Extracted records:
..............................
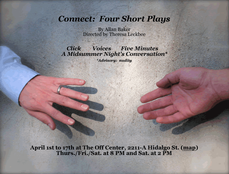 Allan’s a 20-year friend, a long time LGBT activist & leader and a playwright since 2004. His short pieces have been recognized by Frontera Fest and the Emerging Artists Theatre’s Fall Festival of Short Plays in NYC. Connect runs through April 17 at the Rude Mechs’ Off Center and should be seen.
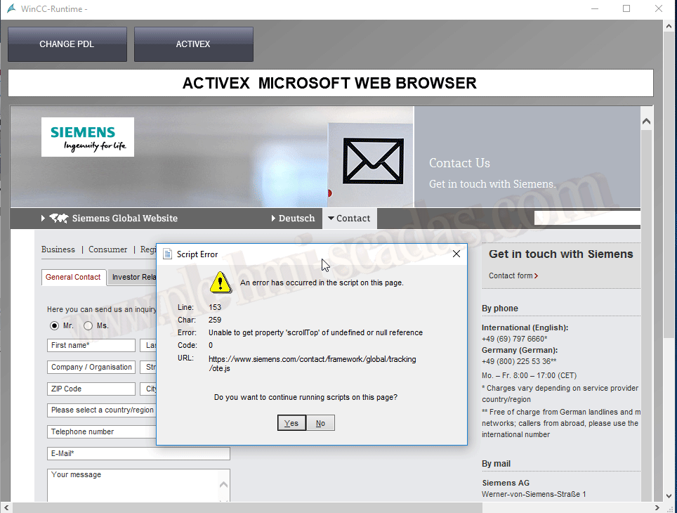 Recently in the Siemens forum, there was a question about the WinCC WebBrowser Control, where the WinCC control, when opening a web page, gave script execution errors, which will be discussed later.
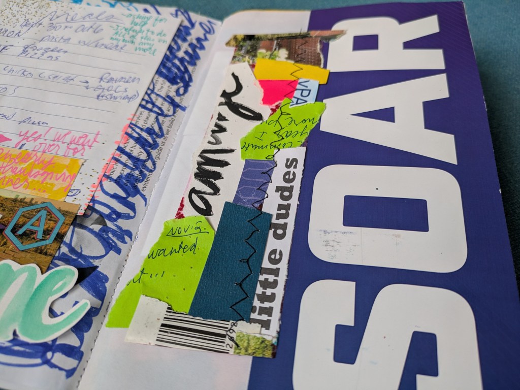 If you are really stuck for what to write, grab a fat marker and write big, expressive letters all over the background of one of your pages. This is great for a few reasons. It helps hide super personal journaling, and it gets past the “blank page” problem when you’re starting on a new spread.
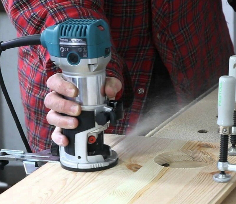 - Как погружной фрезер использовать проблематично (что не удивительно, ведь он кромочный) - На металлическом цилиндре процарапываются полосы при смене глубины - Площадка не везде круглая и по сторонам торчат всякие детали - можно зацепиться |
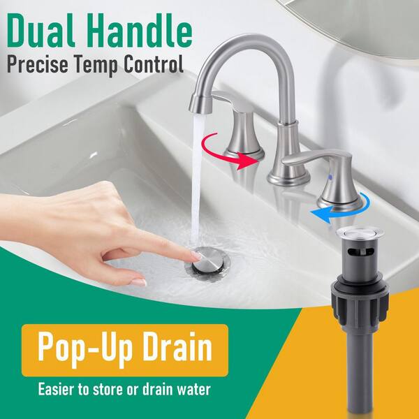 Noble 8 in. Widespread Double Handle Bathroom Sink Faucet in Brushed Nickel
..............................
About this exercise: Leave out all pictures and retype precisely the lines that run from the line containing "Recently in the" to the last line of the records.

Your response:
 Recently in the Siemens forum, there was a question about the WinCC WebBrowser Control, where the WinCC control, when opening a web page, gave script execution errors, which will be discussed later.
 If you are really stuck for what to write, grab a fat marker and write big, expressive letters all over the background of one of your pages. This is great for a few reasons. It helps hide super personal journaling, and it gets past the “blank page” problem when you’re starting on a new spread.
 - Как погружной фрезер использовать проблематично (что не удивительно, ведь он кромочный) - На металлическом цилиндре процарапываются полосы при смене глубины - Площадка не везде круглая и по сторонам торчат всякие детали - можно зацепиться |
 Noble 8 in. Widespread Double Handle Bathroom Sink Faucet in Brushed Nickel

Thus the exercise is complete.